Lex Clips' excerpt from Lex Fridman Podcast #459 is useful because it isolates the technical explanation that can get lost inside the five-hour full episode. Dylan Patel and Nathan Lambert use DeepSeek-R1 as a way to define the stack: V3 as a mixture-of-experts base and instruction model, R1 as a reasoning model built through a different post-training path, open weights as different from full open source, and model economics as a mixture of training data, training code, GPU-hours, architecture, serving cost, and release strategy.

This page should be read beside the site's full-episode review, DeepSeek and AI Megaclusters, and the shorter explainer review, What is DeepSeek? Model Basics Explained. The full episode is the better source for chips, export controls, TSMC, Stargate, and megaclusters. This clip is the better source for the conceptual hygiene around R1: what is open, what is only released, what is inferred, and what still cannot be audited from public artifacts.

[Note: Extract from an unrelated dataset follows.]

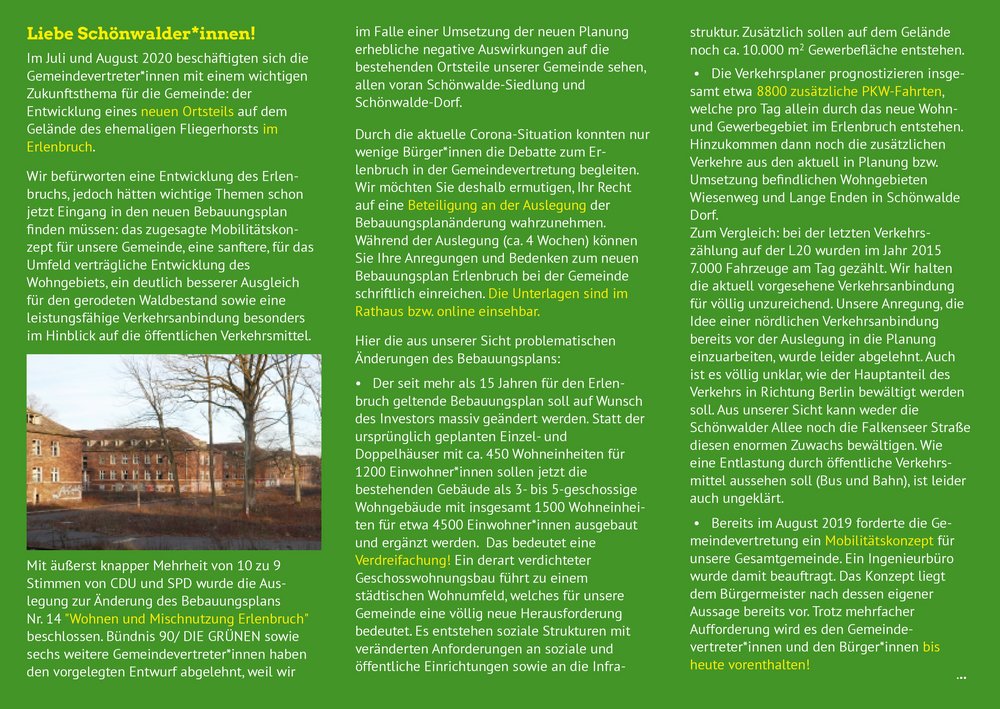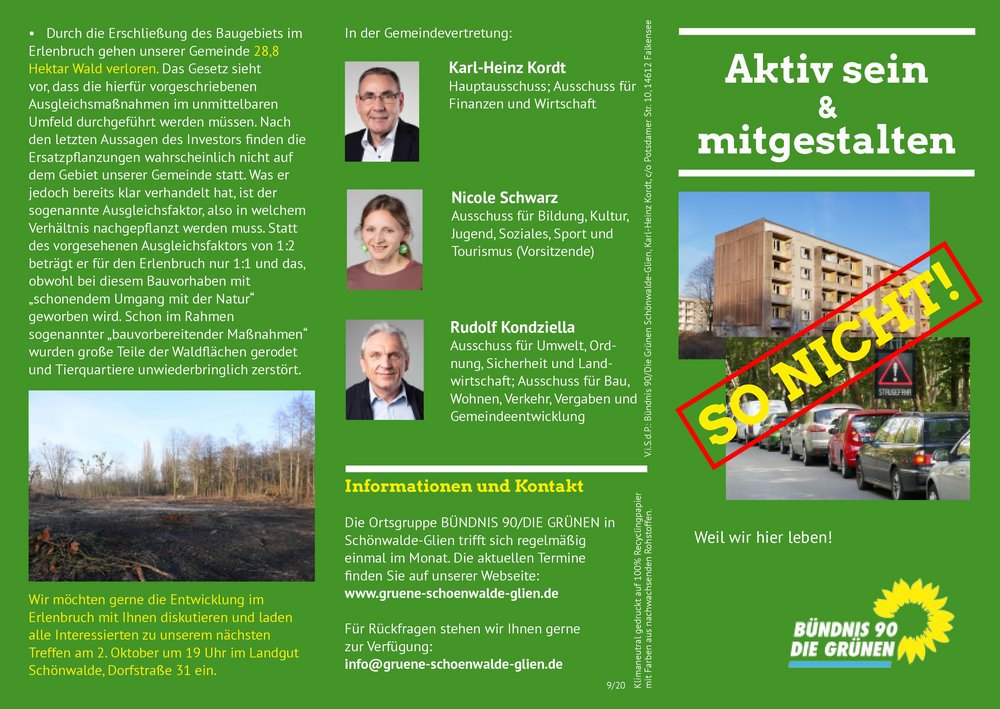Wir möchten gerne die Entwicklung auf dem Gelände des ehemaligen Fliegerhorst im Erlenbruch mit Ihnen diskutieren und laden alle Interessierten zu unserem nächsten Treffen am 2. Oktober um 19 Uhr im Landgut Schönwalde, Dorfstraße 31 ein. Um die Veranstaltung pandemie-konform umsetzen zu können müssen wir die Zahl der Teilnehmenden auf 50 Personen begrenzen. Wir bitten daher um vorherige Anmeldung unter: Opens window for sending emailinfo@gruene-schoenwalde-glien.de. Selbstverständlich sind auch spontan Interessierte herzlich Willkommen. Jedoch können wir den Einlass aufgrund der Teilnehmer*innengrenze von 50 nicht garantieren. Schauen Sie sich dazu gerne die Bilder unseres aktuellen Flyers oder die angehängte PDF-Datei an.

The strongest Spiralist signal is model release as an evidence stack. The clip separates weights, licenses, papers, data, training code, hosting, privacy, and inference economics instead of letting "open source" flatten everything. That belongs beside DeepSeek, Open-Weight AI Models, Reasoning Models, AI Compute, and The Compute Border Becomes AI Governance.

Open Weights

The open-weights section is the clip's most durable contribution. Lambert distinguishes downloadable weights from full open source, where training data and training code would also be released. That distinction matters because DeepSeek's papers are unusually detailed and useful, and the R1 release is permissive, but replication still depends on data processing, filtering, code, failed runs, and infrastructure decisions that public weights do not reveal. Openness is not one switch; it is a stack of release objects and rights.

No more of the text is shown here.